Supplied material:
· · · · · · ·

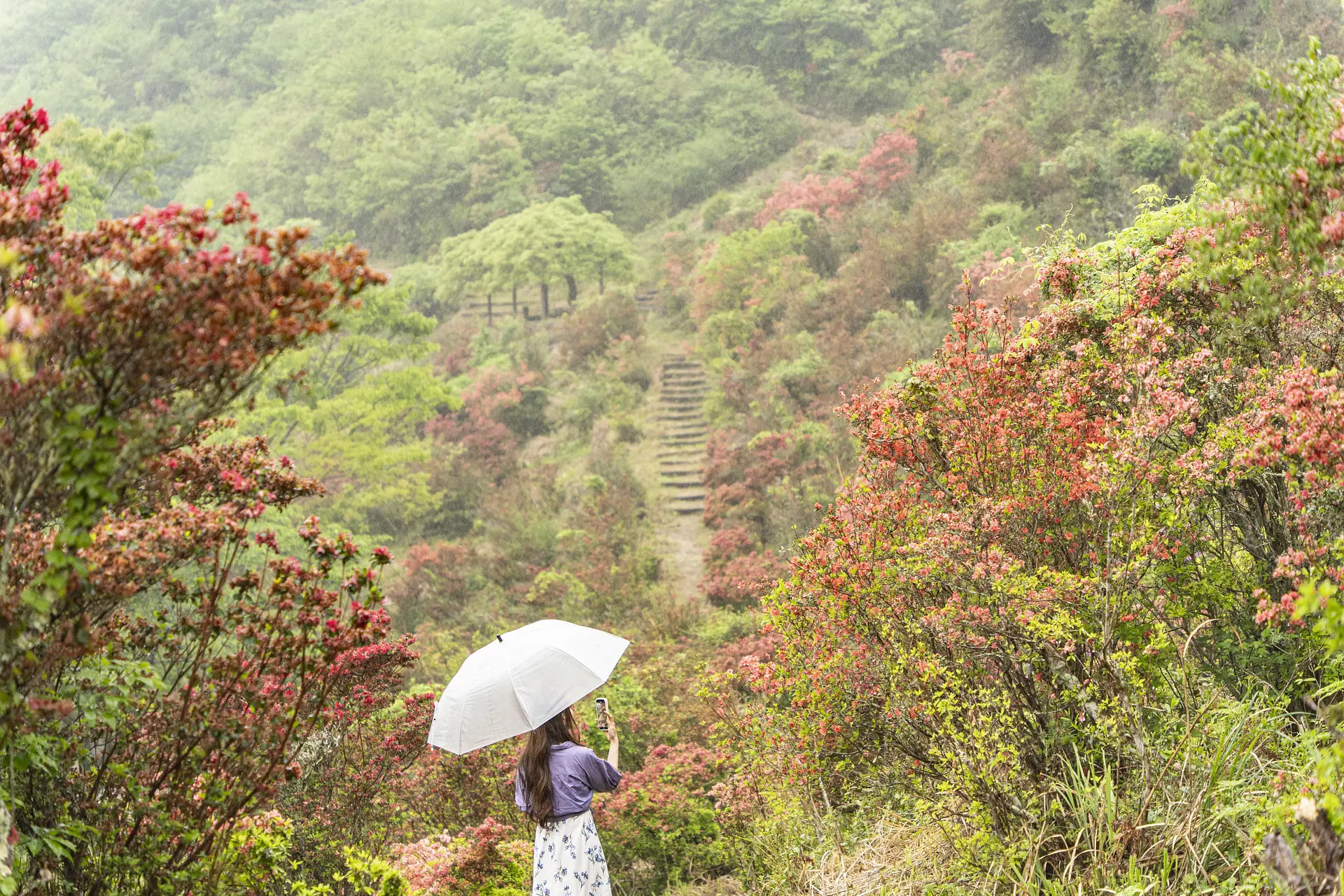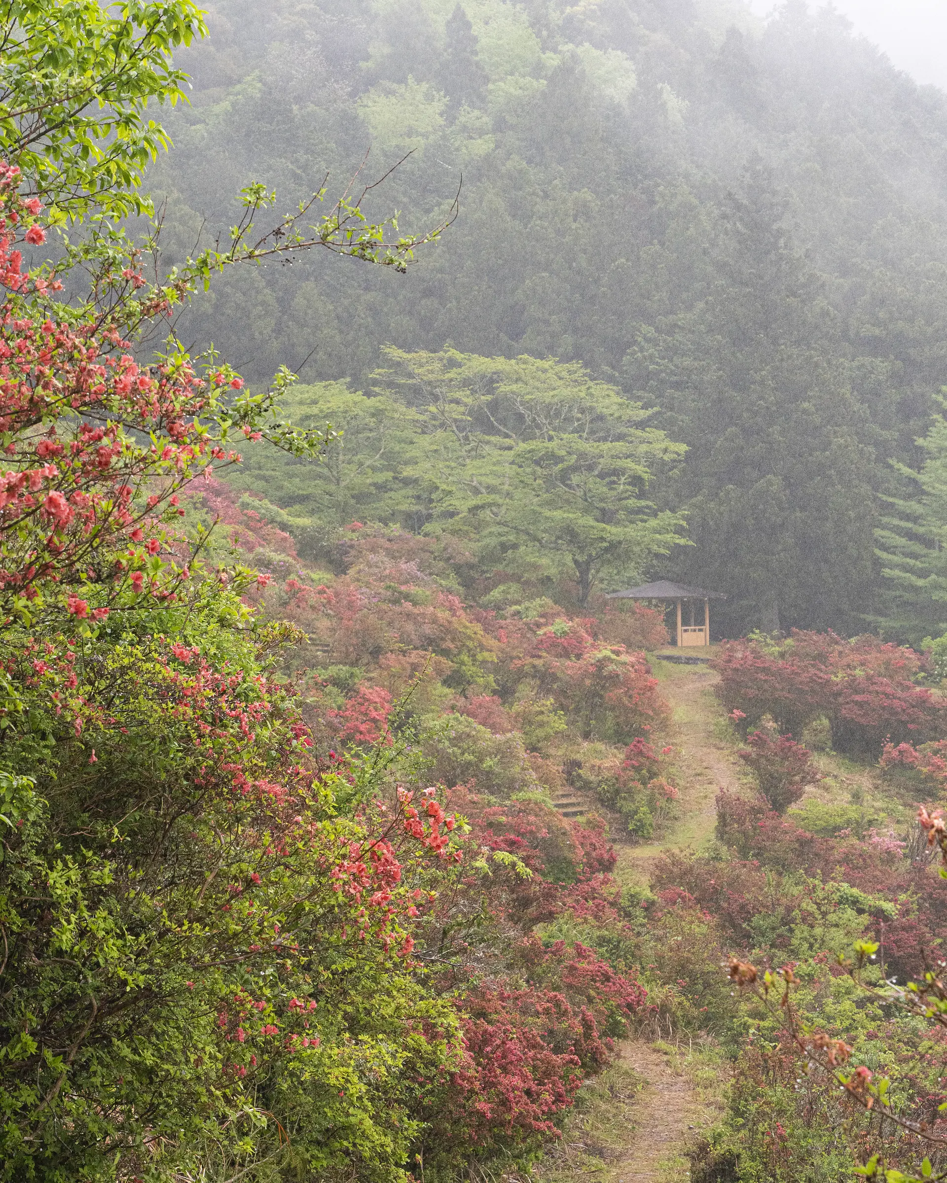 検索してもほとんど情報が出てこない知られざるスポット。実は私も、2024年に初めて来訪して驚きました。こんなに見事なつつじの名所が、奥伊勢に存在していたとは!約5haもの広さの山の斜面に自生する、色とりどりのつつじ。1万株以上あるそうです。つつじを巡る遊歩道と階段が整備されていて、高い位置からつつじの群生を見渡すこともできます。
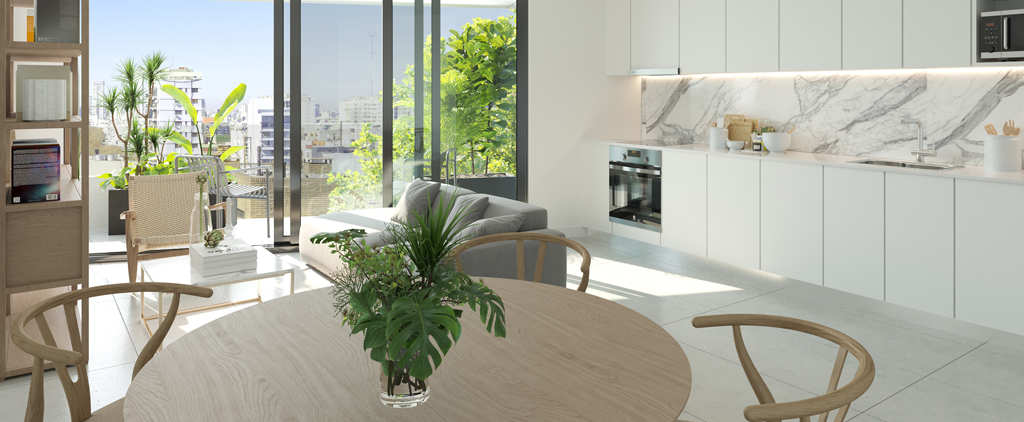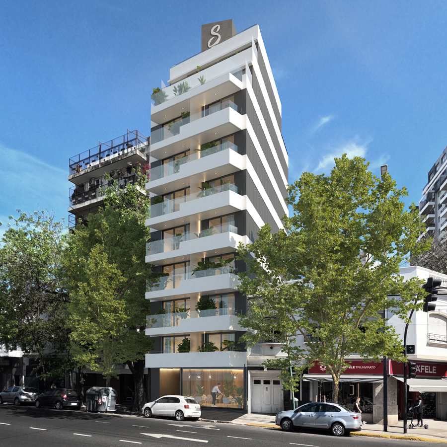Edificio de 9 pisos con 17 departamentos de 1, y ambientes y 7 estudios,
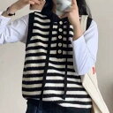 ニット レディース 秋冬 ストライプ ベスト パーカー フード付き アクリル ポリエステル レイヤード ノースリーブ ゆったり かわいい カジュアル ミルキーホワイト ブラ..
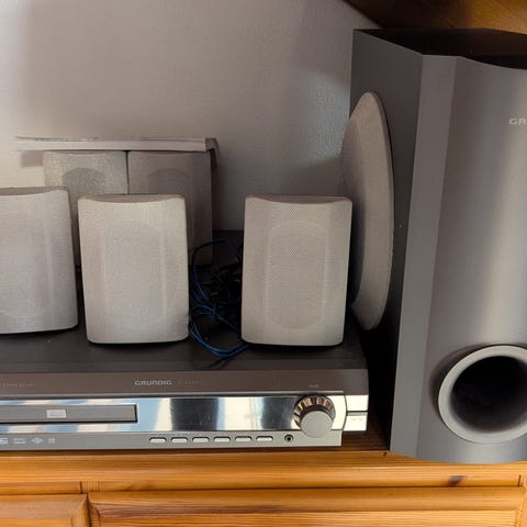 Panasonic 5+1 hjemmekino, god lyd. Spilleren virker, men lager av og til ulyder. (mulig sluring i cd drift). Analogt.

· · · · · · ·

Your goal: Restate the whole listing above exactly, except for its images.

Expected output:
 検索してもほとんど情報が出てこない知られざるスポット。実は私も、2024年に初めて来訪して驚きました。こんなに見事なつつじの名所が、奥伊勢に存在していたとは!約5haもの広さの山の斜面に自生する、色とりどりのつつじ。1万株以上あるそうです。つつじを巡る遊歩道と階段が整備されていて、高い位置からつつじの群生を見渡すこともできます。
Edificio de 9 pisos con 17 departamentos de 1, y ambientes y 7 estudios,
 ニット レディース 秋冬 ストライプ ベスト パーカー フード付き アクリル ポリエステル レイヤード ノースリーブ ゆったり かわいい カジュアル ミルキーホワイト ブラ..
 Panasonic 5+1 hjemmekino, god lyd. Spilleren virker, men lager av og til ulyder. (mulig sluring i cd drift). Analogt.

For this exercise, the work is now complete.